Qué sensación de quiero y no puedo, de debilidad práctica de nuestra democracia, de política adolescente, de pan y circo, de cohetes y poca chicha, de incidencia en el espectáculo por encima de todo… me ha dejado el debate televisivo y sus previos, sobre todo los previos, del debate electoral del pasado 5 de noviembre. Y digo los previos porque, los días anteriores al desencuentro de los candidatos en la tele, parecía que se nos venía encima un acontecimiento que nada tenía que ver con lo que debería ser un ejercicio natural y frecuente de las costumbres y métodos democráticos, aquí y en todas partes.
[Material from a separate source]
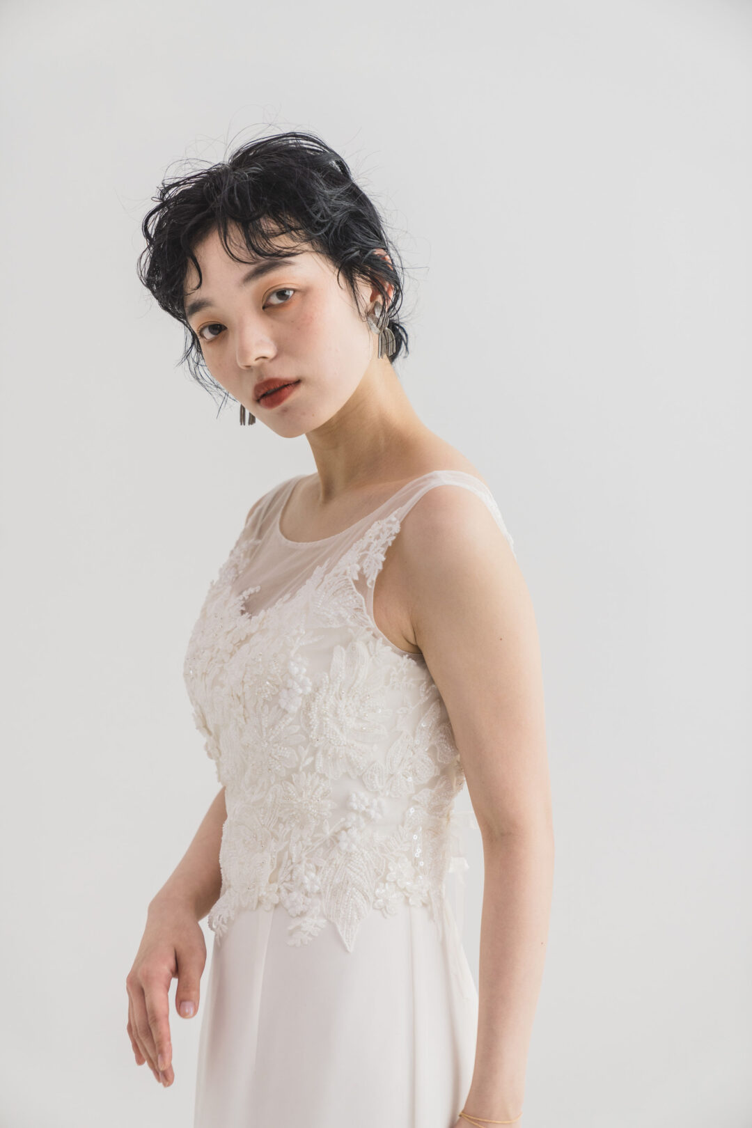 光沢のあるレーヨン糸で大小さまざまなお花モチーフを配置したレースです。レース上にあしらったビーズ刺繍はより立体的にモチーフを際立たせ、お写真映えのするデザインとなっております。肩先まで伸びるレースモチーフはよりお顔周りをスッキリと印象付け、トレンドのイリュージョンスリーブをイメージした着こなしが完成します。

Más bien daba la impresión que se avecinaba el estreno de otra edición de El Circo del Sol – y pongo la comparación en un nivel artístico y de seriedad que quizás el espectáculo político no se merece – y que la tramoya era más importante que el hecho mismo del debate. Luego, la escasa altura intelectual mantenida en general sobre aquellos atriles la noche del 5 de noviembre vino a confirmar que, en efecto, allí lo importante era el celofán y no lo que había en la bandeja.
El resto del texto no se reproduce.